Rally-goers listen to two hours of speeches, chants and testimonials at an anti-racism rally in front of Portland's City Hall on June 3. Credit: Troy R. Bennett | BDN

PORTLAND, Maine — The Portland Police Department said Saturday that they’ve now made contact with organizers of a rally planned for Saturday afternoon, one day after alleging that the group of anti-racism activists did not communicate with police about their plans.

Organizers, however, have denied the lack of contact, saying that they spoke with an officer following a request to do so Wednesday.

The updated statement from police was released Saturday morning.

“We have confirmed that the event will be starting at police headquarters, but will then proceed to City Hall Plaza, where they have agreed to end the protest earlier than planned (before dark) and peacefully disperse,” the statement read.

The statement followed another issued Friday night by police chief Frank Clark issued through the police department’s social media channels, who called it “disconcerting” and “unfortunate” that protest organizers did not return phone calls and other outreach attempts.

Organizers say they did, in fact, return a request from police to discuss the protest.

Josh Wood, an organizer with Black Lives Matter — Maine, said he called the police department at 5:38 p.m. Wednesday evening, roughly an hour after police spokesperson Robert Martin sent a request to do so to the group’s social media page. Wood spoke with Major F. Heath Gorham, who asked logistical questions about whether the group planned to march or block streets during a smaller rally the group organized Wednesday evening, according to Wood.

“I also told him that an organizer would be in touch about Saturday,” Wood said.

Another organizer, who spoke on the condition of anonymity because they had been the target of threats, provided screenshots documenting the correspondence to the Bangor Daily News. They said police made no further attempts to contact the group. Attempts to reach Chief Frank Clark and police spokesperson Robert Martin were not successful Saturday morning.

On Wednesday, shortly following the grand jury decision of the Louisville police officers who shot and killed Breonna Taylor, the Black Lives Matter — Maine group simultaneously announced that they would hold protests Wednesday evening and Saturday evening via their social media page. One officer was charged with three felony counts of wanton endangerment for firing 10 bullets into the walls of the apartment building, but was not charged for shooting Taylor.

Roughly 50 protesters gathered outside the Portland police station sharing speeches, stories and poems Wednesday evening. Wood, a Black youth activist who attends high school in Maine, said that Saturday’s rally is expected to proceed similarly.

“We’re platforming Black speakers and letting people read poems,” Wood said. “It’s going to be a genuine event to protest police brutality and systemic racism and celebrate the life and culture of Black people across Maine.”

Black Lives Matter — Maine, a Portland-based group, canceled a rally earlier this month after its announcement generated widespread racist pushback threats of armed violence and vigilantism, including a call from an elected official to send “the Maine Militia” to counter them.

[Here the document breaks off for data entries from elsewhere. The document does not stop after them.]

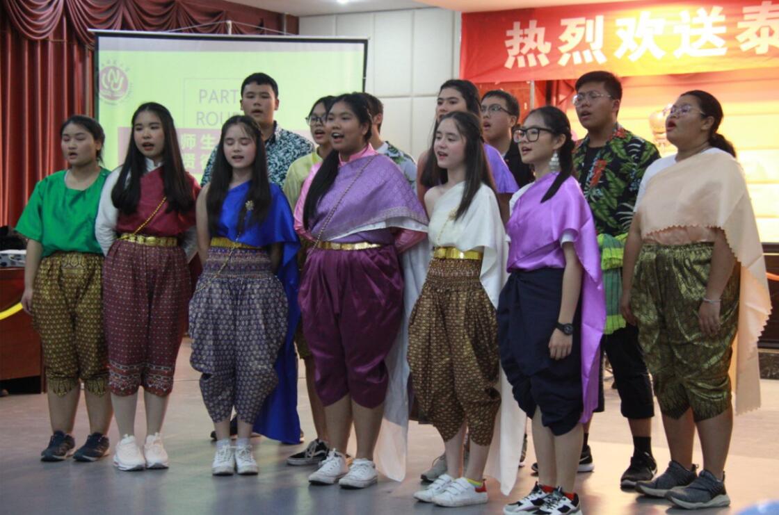 才艺展示环节,公司舞蹈团与合唱团,分别带来了舞蹈《那些花儿》《浪人琵琶》、歌曲《仰望星空》,展现了中国传统文化的魅力与文新学子的活力;泰方师生也精心准备了特别的节目,有庄重歌颂君王的歌曲《贤德明君》,也有欢快热情的《MVS48》,泰国F4乐队的现场弹唱更是将现场的气氛推至高潮。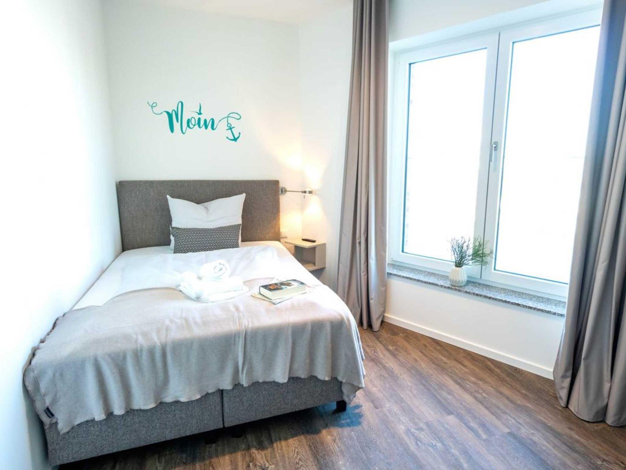 Internetfähiges Fernsehen mit Hotelmodus sowie ein Internetradio stehen ebenso zur Verfügung, wie kostenfreie WLAN-Nutzung. Das schicke Appartement bietet zudem einen saisonal möblierten Balkon in nördliche Ausrichtung, von dem Sie auf das Meer sowie den Holzhafen schauen. Die Belegung dieser Wohneinheit ist ideal für bis zu 3 Personen, da die großzügige Aufteilung mit zwei separaten Schlafzimmern nahezu ideal ist.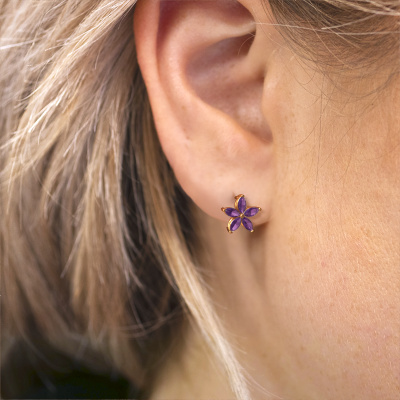 How would you describe your style? Are you looking for something slightly different? These unique cluster gold stud earrings are unique and created by our expert goldsmiths. These unique stud earrings are set with amethyst. Each of the amethysten is carefully selected, because we believe your stud earrings should be adorned with nothing but the most exquisite gemstones. Wouldn't you agree? The Sylvana earrings are made just for you by our master goldsmith in our own artisan studio.. Our goldsmiths passionately create your customized stud earrings to your liking with the utmost care. The gold set stud earrings, as shown here, can be customized using our online tool. Feel free to ask our jewel designers for assistance if you want changes made which are unavailable in our online tool. We are happy to answer your questions.Are you on a budget? Please feel free to contact us, so we can go discuss your options. We offer our stud earrings at guaranteed best price, because we make them to order. You won't find such a price anywhere else! To make it easier for you, we offer a 30 day return policy. Check our terms and conditions.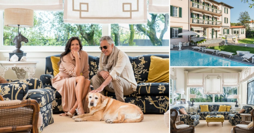 60-годишниот пејач, кој поради глаукома ослепе на 12-годишна возраст, позираше со својата сопруга Вероника во семејниот дом во Тоскана, каде живеат со трите деца.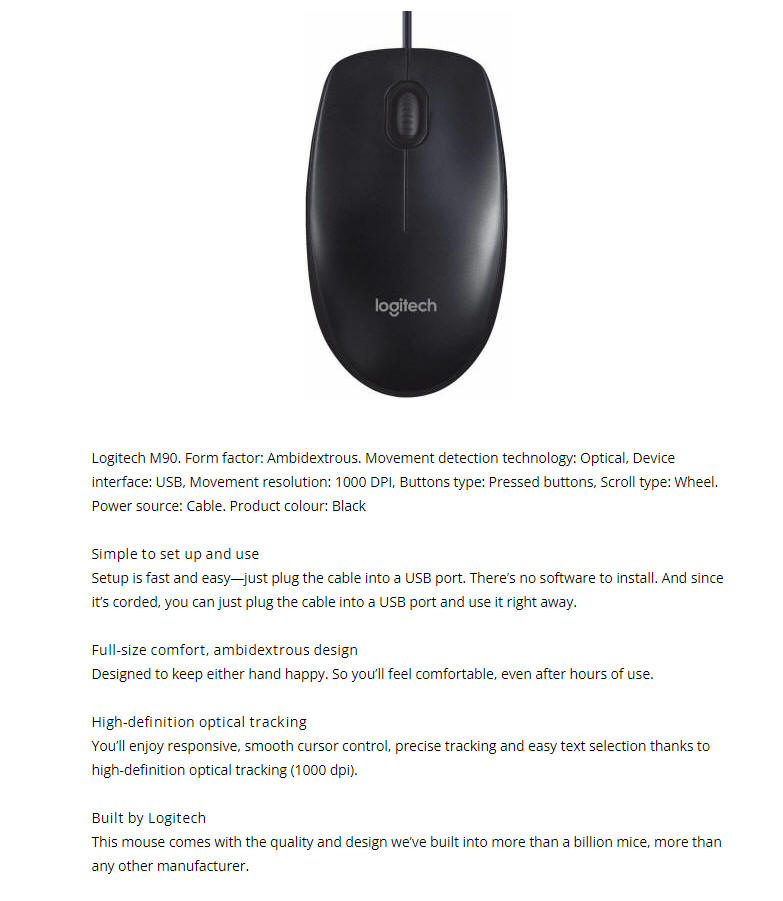 Logitech M90 Corded Optical Mouse Black Full-size USB Mouse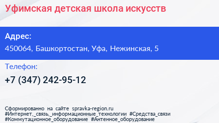 Уфимская детская школа искусств по адресу 450064, Башкортостан, Уфа, Нежинская, 5 в дальнейшем Организация, размещена в следующих категориях: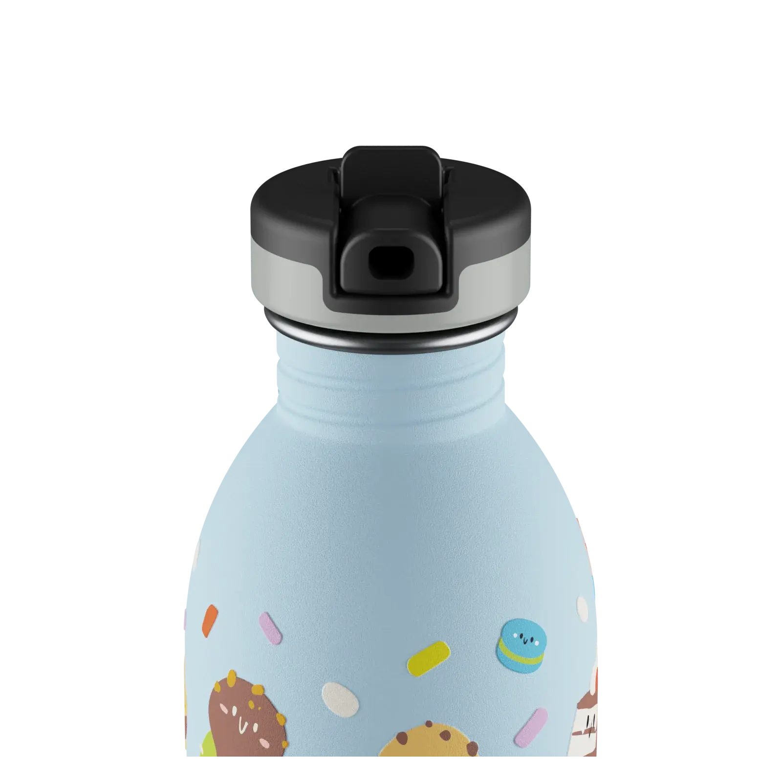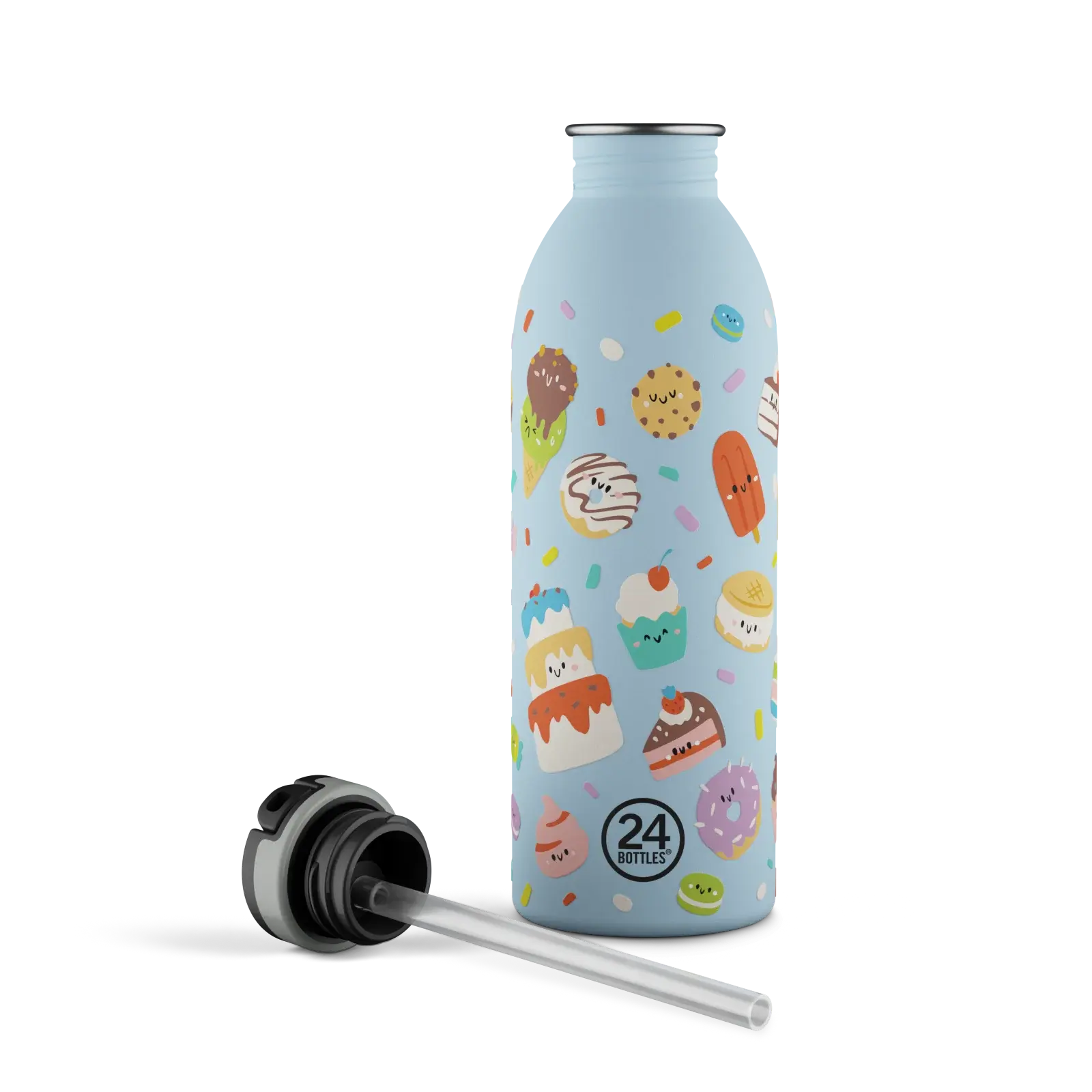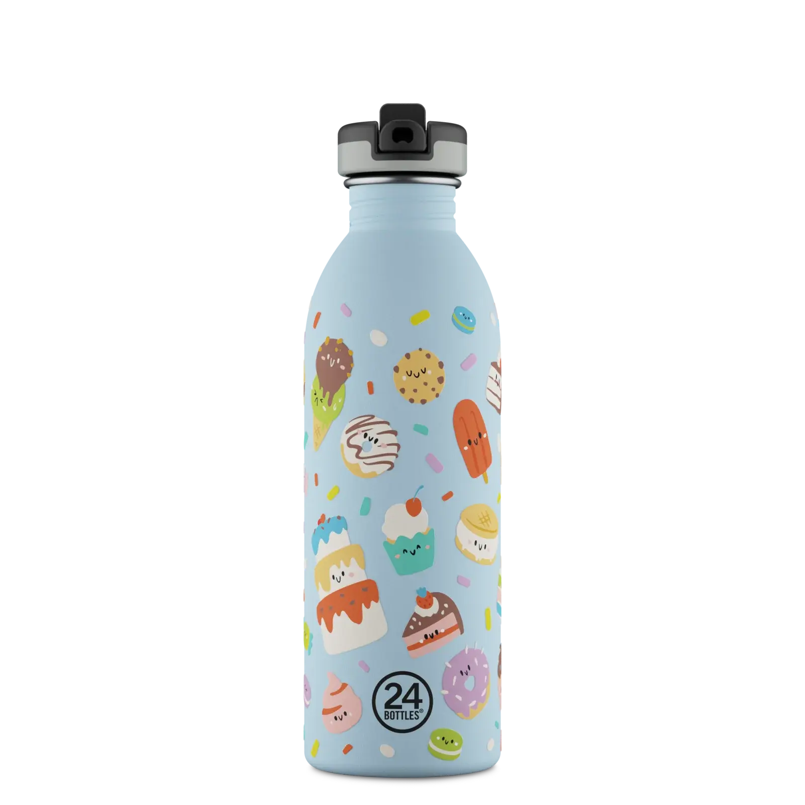 Met zijn mooie illustraties van taartjes, donuts en andere zoetigheid is deze enkelwandige drinkbus een topper bij kinderen. De zachte blauwe kleur en de levendige afbeeldingen maken het drinken nog leuker.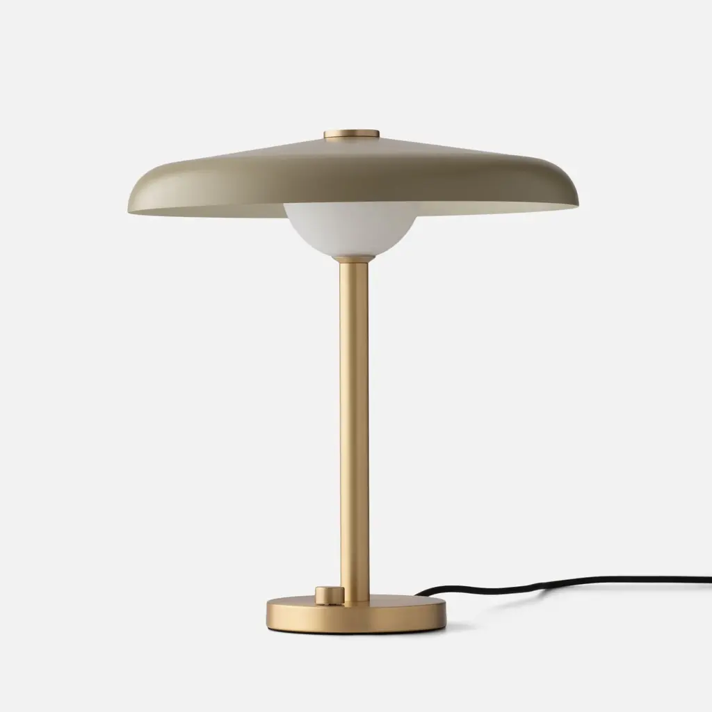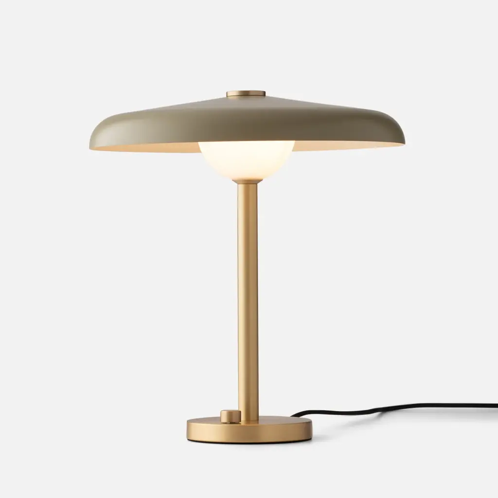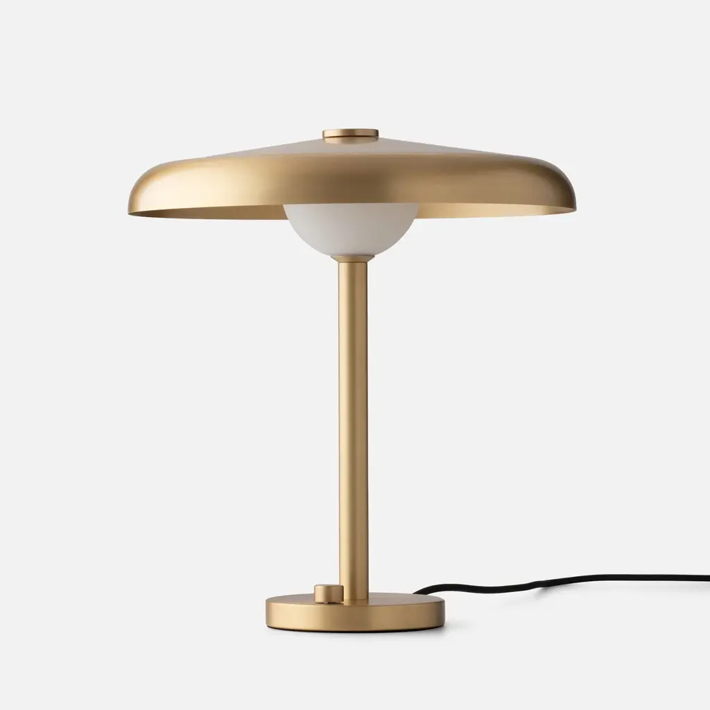 Utility meets elegance in the Caldera 15” Table Lamp, designed by local Portland studio FOLK. A low-profile metal shade and handblown glass diffuse and direct the light, while a brass base complements the look. Use the dimmer knob at the base to set just the right mood.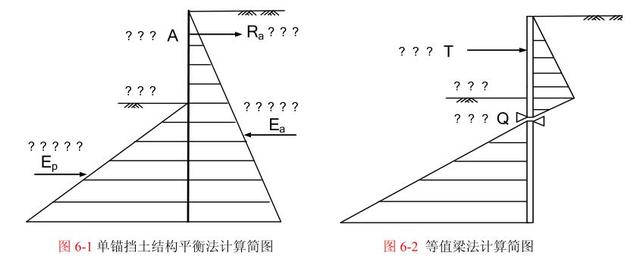 等值梁法,又称假想铰法,可以求解多支撑(锚杆)的挡土结构内力。首先假定挡土结构弹性曲线反弯点即假想铰的位置。假想铰的弯矩为零,于是可把挡土结构划分为上下两段,上部为简支梁,下部为一次超静定结构(图 6-2),这样即可按照弹性结构的连续梁求解挡土结构的弯矩、剪力和支撑轴力。等值梁法的关键问题是确定假想铰 Q 点的位置。通常可假设为土压力为零的那一点或是挡土结构入土面的那点,也可假定 Q 点距离入土面深度为 y,该 y 值可根据地质条件和结构特性确定,一般为(0.1~0.2)倍开挖深度。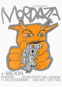 El cuarteto madrileño formado en 2024 conjura todas sus influencias en un vórtice de fuego. Su centro de gravedad pone la contundencia en medio del meollo, pero su espíritu melódico se arraiga hasta el tuétano. Encasillarlos en el post-punk, el noise pop o el punk rock sería vago e inexacto. Mordaza van mucho más allá.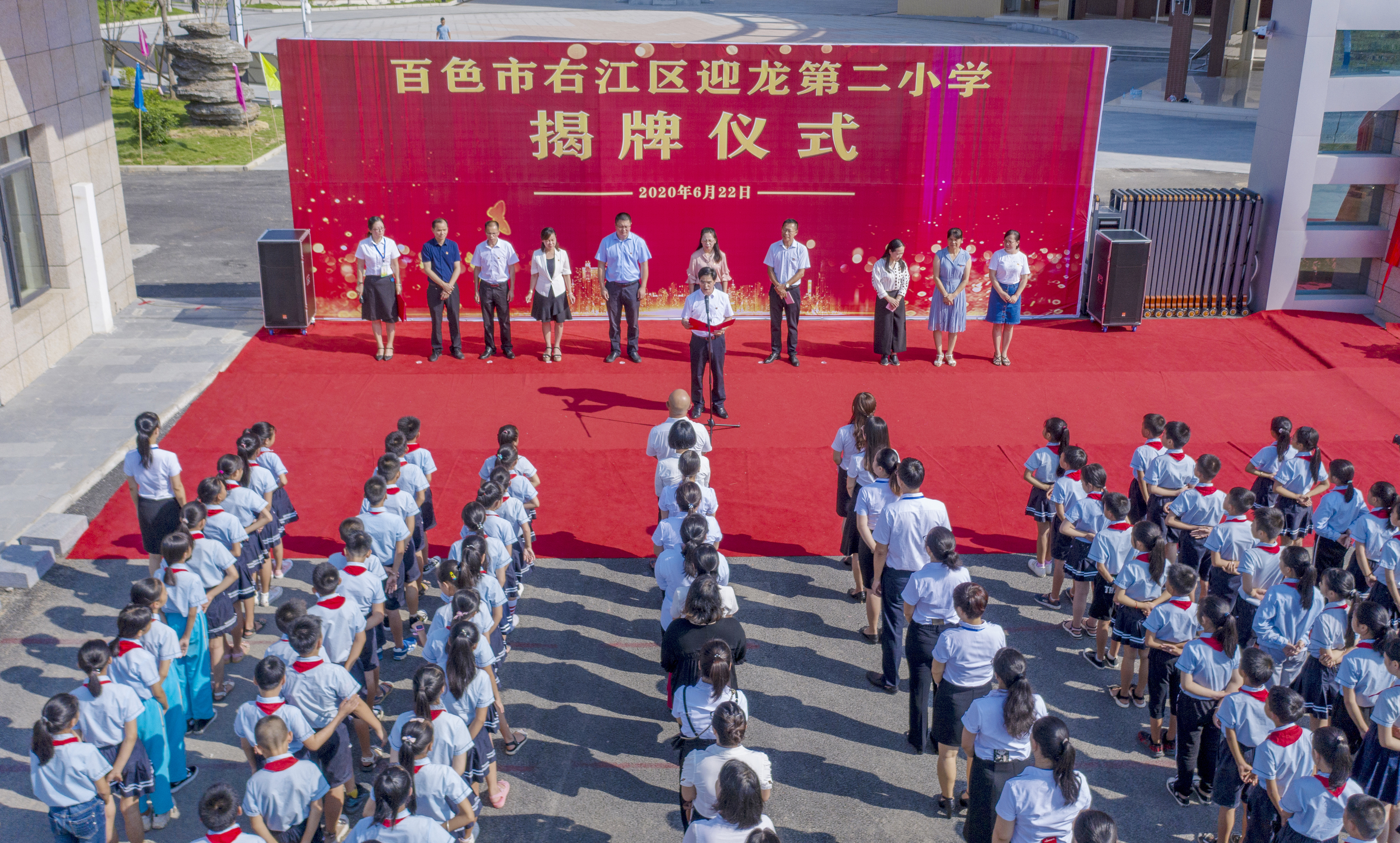 ????6月22日上午,百色市右江區(qū)迎龍第二小學(xué)揭牌儀式在該校大門(mén)舉行,標(biāo)志著這所由廣西百色益眾投資有限公司承建的小學(xué)全面交付使用。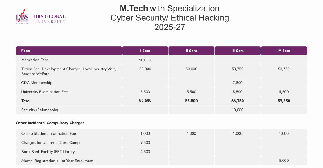 Earlier, M.Tech Ethical Hacking fees at DBS Global University Dehradun was ₹ 2.62 Lakhs (in 2024) for the entire course duration. This shows a fee increase of ₹ 18,000 over the year.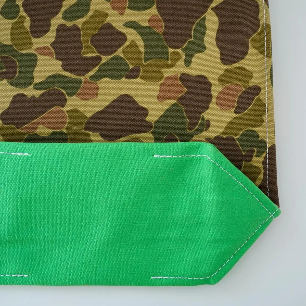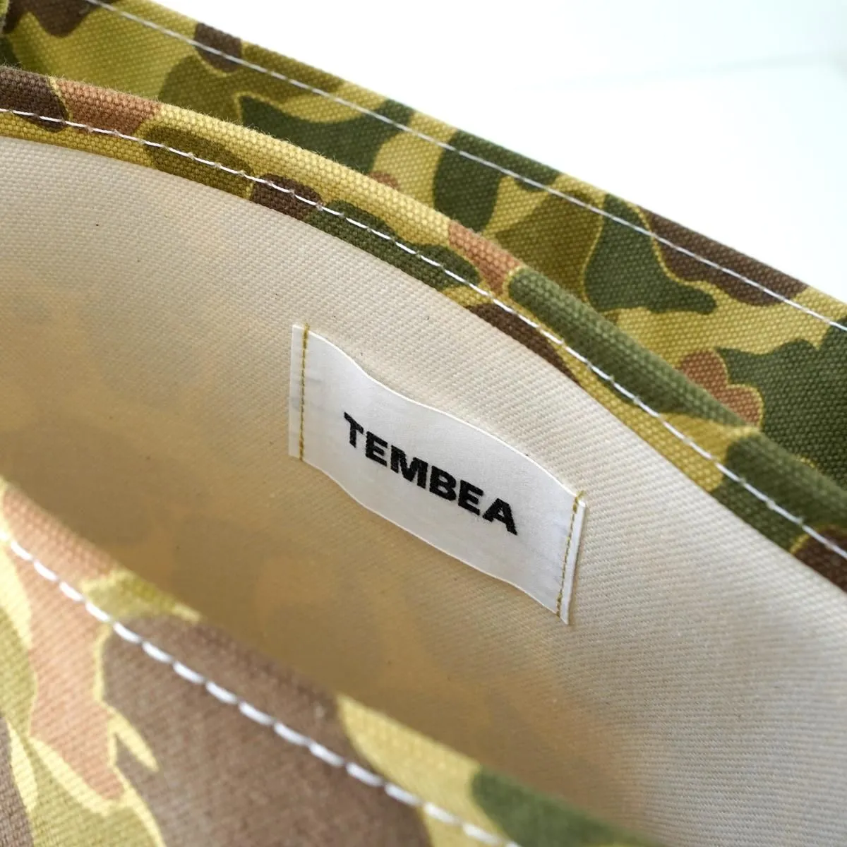 TEMBEAの中でも定番のバゲットトート。持ち手を手前に付けているため、バゲットなどの長い物を入れても肩に掛けやすい作りが特長です。A4ファイルが入るサイズで男女問わず定番人気のアイテムです。 パラフィン加工の施されたキャンバス素材は使い始めの強度・撥水性に優れており、使い込むほど表情が変化し、柔らかく馴染みます。長くお使いいただける経年変化が楽しみなバッグです。 Rakko柄にはよく見るとイカ・ヒトデ・カニ・ハマグリなどが水の中に潜んでいます。 Hunter camoは発色の良い蛍光グリーンがアクセントになったツートーン仕様です。 箔プリントのICE柄には“Tembea Ice Cream”のチェーンステッチのロゴ入り。 size:W20cm x H34cm x D12cm color: RAKKO/OXFORD BLUE(¥15,400) HUNTER CAMO/KELLY(¥15,400) ICE+刺繍/NATURAL(¥17,050) ※ICEのみ価格が異なります。ご注意ください。 ※プリントの出方には個体差がございます。ご了承くださいませ。 お取り扱い店舗・・・dieci kyutaro店2F -------------------------------------------------------- TEMBEA(テンベア) 2004年にスタートしたバッグブランド。TEMBEAとはスワヒリ語で”放浪”の意味。アウトドアやトラッドをベースに、タウンユースデザインに落とし込んだ、シンプルで飽きのこないデザインとスタイルを提案しています。 すべての工程を手作業で行い、日本国内の職人さんがミシンを使い、ひとつひとつ丁寧に制作。日常に馴染む道具としてのプロダクトを、日々作り続けています。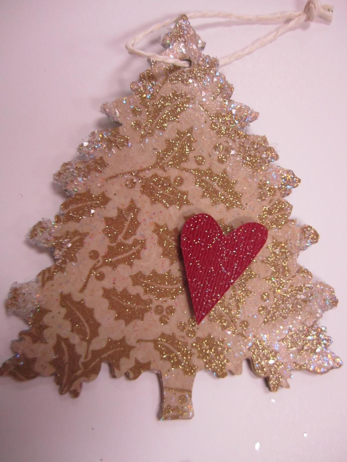 This tree was really fun to make, It is a sizzix cut, chipboard covered with pretty paper, the covered with glittered modge-podge. I then dipped the edges in modge-podge and then into diamond dust. Added a little pop out heart and this turned into a really pretty decoration. I made more for the MB tree that are shown below.

The group, composed of 7 Maine activists in their teens and twenties, is one of several collectives to have organized protests against racism and police brutality in the state this summer after the high-profile police killings of unarmed Black Americans, including Taylor, George Floyd and Ahmaud Arbery.

Those demonstrations have drawn upwards of 2,000 people and have proceeded largely peacefully, with one June 1 protest — organized by a different group — sliding into disorder late at night. Organizers for that rally struggled to keep order after a man attempted to slowly drive a large tractor-trailer truck through a crowd of protesters gathered outside the police station after organizers had called for the rally to disperse. After the incident, protesters hurled water bottles at long range distances and police forcefully pushed protesters up Franklin St., resulting in a standoff that lasted until 2 a.m. and 22 arrests for failure to disperse. Police later reported vandalism and four burglaries.

Charges for those arrested at the June 1 rally were later dropped, though Sahrbeck said he would not make a habit of that for future rallies. The driver, who was charged with felony assault with a deadly weapon, was attempting to make a delivery and was not motivated by opposition to the protests, according to district attorney Jonathan Sahrbeck.